PRINCE RAISED IN THE HOOD

So I’m from a little town called Rock Ferry, a suburb, you might say, of Birkenhead, also known as Liverpool’s aborted younger sister. You may remember Duffy’s album ‘Rockferry’, aptly named because her granny resides in that wondrous hamlet, which is not quite the English idyll you’d imagine. I spent the first eight years of my life in Rock Ferry, colloquially known as ‘da Rocky’, and spent many an evening with my Kenyan mother, Anna, in The Admiral pub, also known colloquially as ‘Dee Addy’. In my fuzzy nostalgic memories of ‘90s Merseyside, I remember playing on my own in the pub’s backgarden ‘playground’, actually a series of moulding and close-to-collapse slides and toy houses that had probably been the area’s local hotspot for thrill-seeking tots a few decades ago. However, back then, circa 1999, it was my one-boy Secret Garden of ghetto delights, containing a treasure trove of cigarette buts, rusting beer cans and spent lighters. From time to time, my mother would entertain the crowds of Rock Ferry locals, colloquially known as ‘Fez ‘Eads’, praising the gods of hashish, colloquially known as ‘rocky’ (there’s a theme, here), clapping and dancing as she simutaneously rolled, lit and smoked her joint. Obviously, she was quite a phenomenon in exclusively white, post-Thatcher Merseyside, colloquially known as ‘dat bitch’, and her African sunshine, love of rocky and unconventional pub-garden booty-shaking earned her the pet name ‘Mad Anna’, to the extent that she became something of a local celebrity, her famous cheetah-print leggings and loud, bushy ways attracting the reveration, and indignation, of our neighbours and beyond (our cul-de-sac).
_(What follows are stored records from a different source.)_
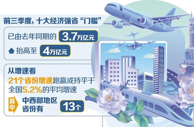 前三季度十大经济强省“门槛”跃上4万亿元台阶——地区经济发展韧性进一步彰显
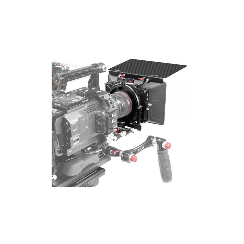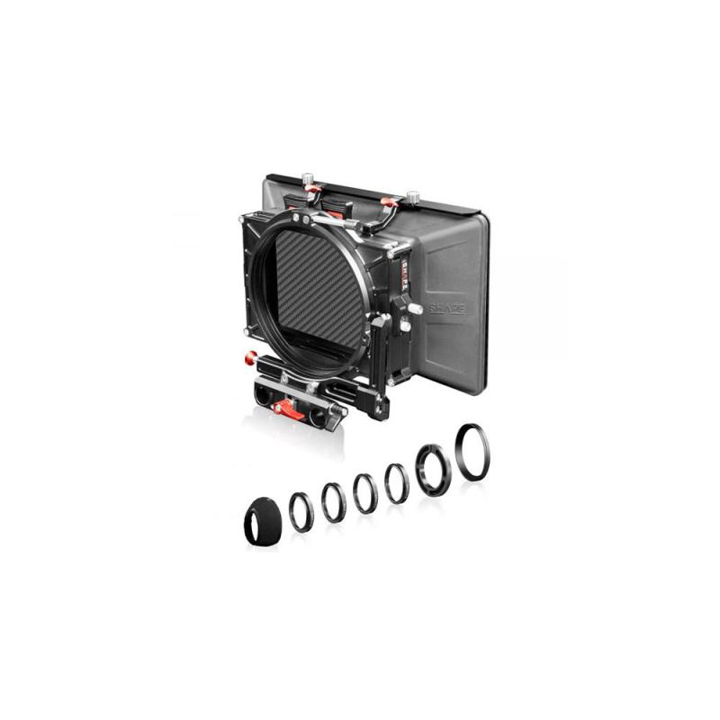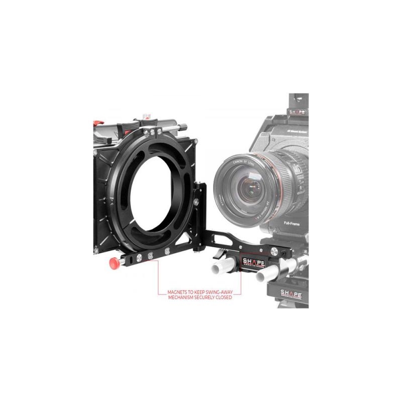 The SHAPE Matte Box Swing Away is a silicone matte box mounted on a CNC aluminum main frame with an outer diameter of up to 124 mm. It provides a wide field of view for a variety of wide-angle lenses.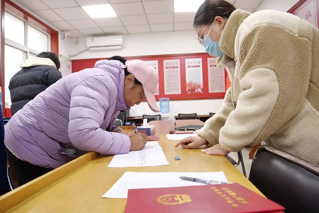 工作人员为回迁居民办理领取不动产权证书相关手续。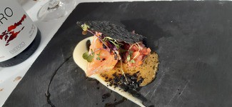 -Tartar de Salmón ahumado, con vinagreta bearnesa, con el más joven de Aníbal de Otero el Otero.
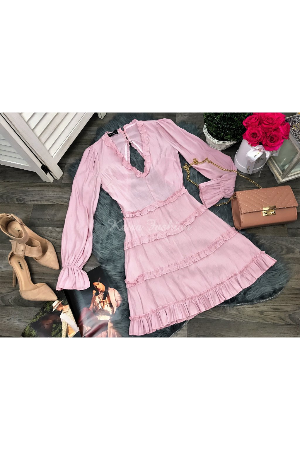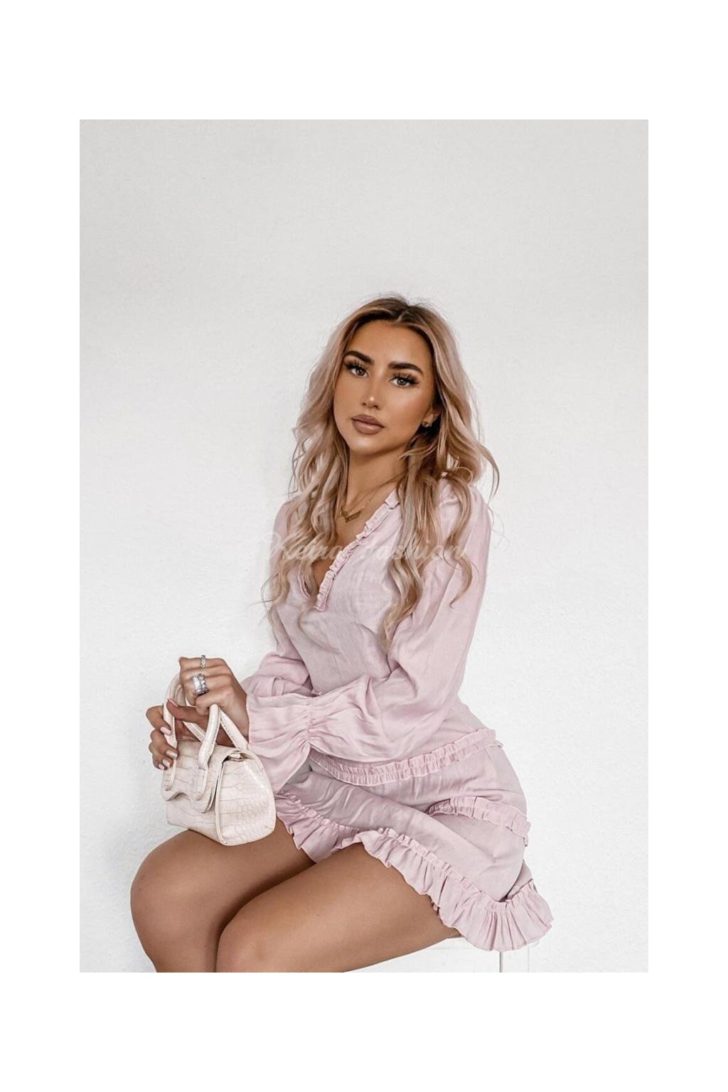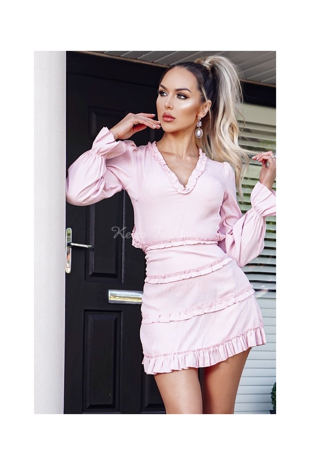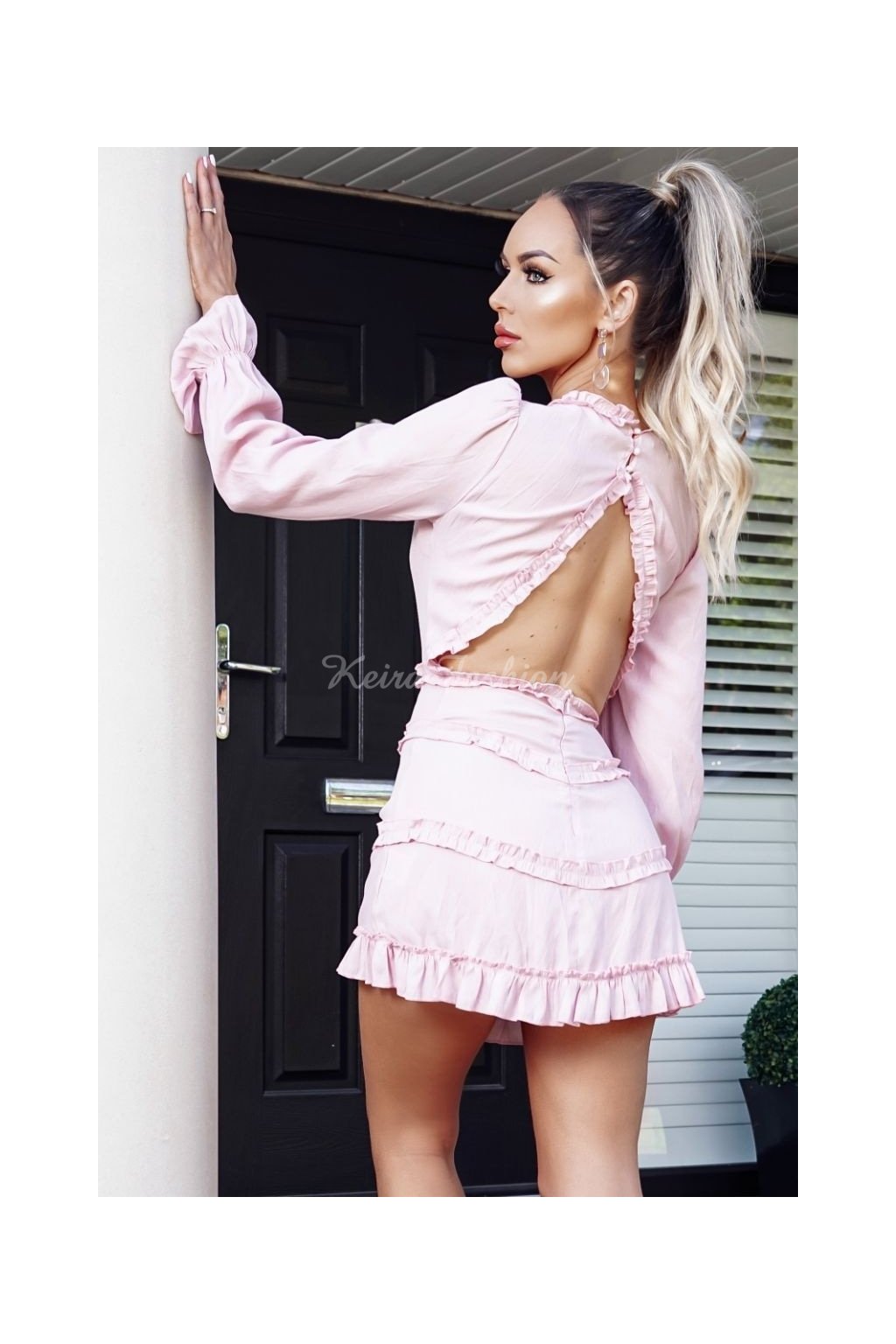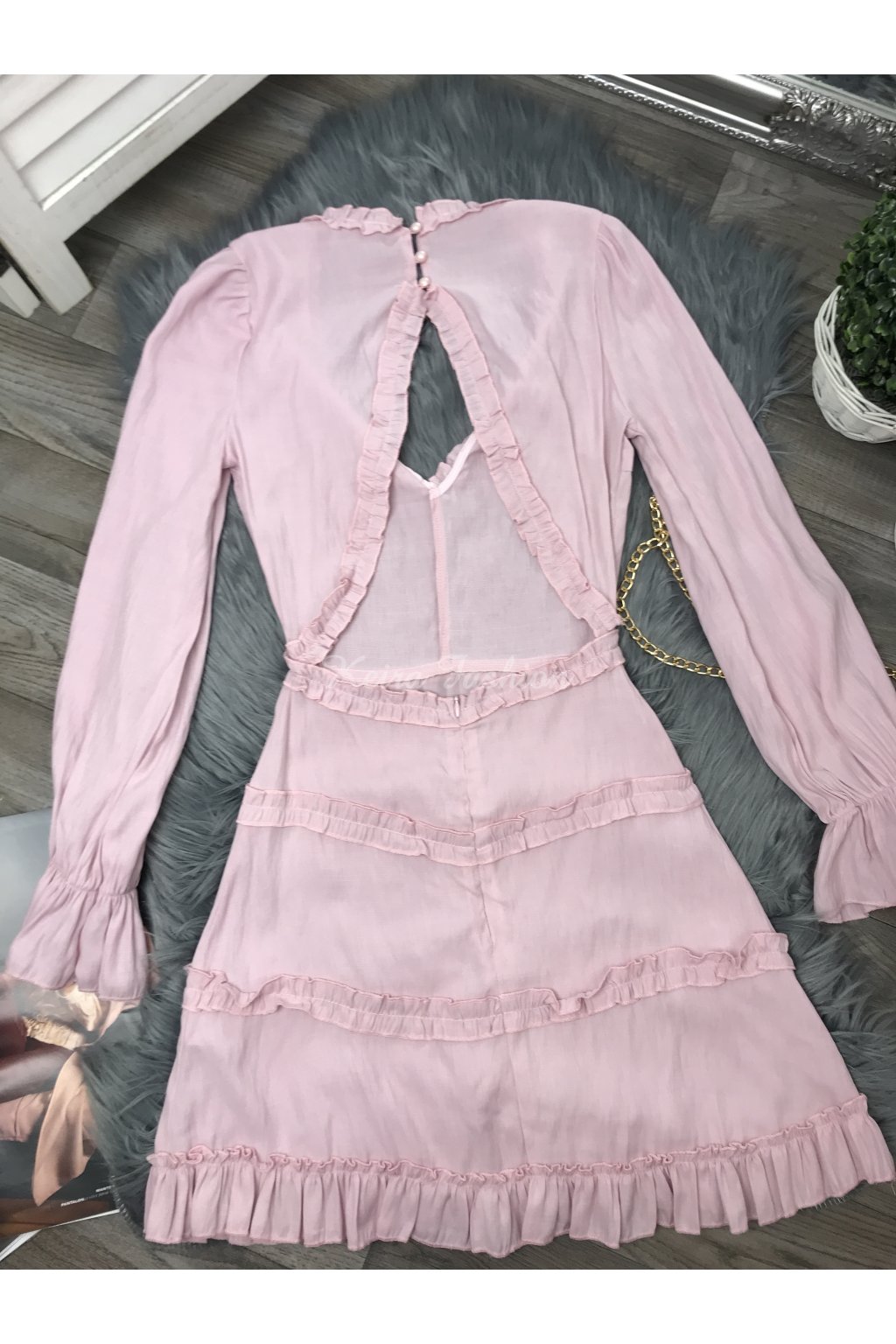 Tieto ružové mini šaty sú vyrobené z ľahkého a príjemného materiálu. Šaty majú dlhé rukávy s jemným riasením na zápästí a sú zdobené elegantnými volánikmi na dekolte, páse, sukni a rukávoch, čo im dodáva romantický a žensky nežný vzhľad. Otvorený chrbát so zapínaním na gombíky pridáva šatám dávku zmyselnosti a originality. Zapínanie vzadu na skrytý zips.

25 Medway Road, our two up, two down Victorian terraced house housed me, my mother and my half brother, Stephen, who came over from Kenya with my mother back in 1990-before-I-was-born. Being the caramel skinned baby mummy always wanted, I was always the house favourite, blaming Stephen for broken lamps, killed hamsters and pillaged packs of Wagon Wheels. Mummy’s heavily-used lines ‘come ‘ere, I’ll beat you to the bone/like a chicken/like a pancake/other violent imagery’ was often aimed at Stephen, but when a young me had no big brother to blame, young me received the terrifying experience of an East African woman with murder in her eyes. Such was the horror that I made a hole in the side of my mother’s bed and hid inside with the bed-sheet covering my DIY panic-room when she came thundering after me. It worked for the first few times until she realised that it was not possible for a five year old boy to teleport to an alternate bed-themed dimension and took my beating-to-the-bone like a man.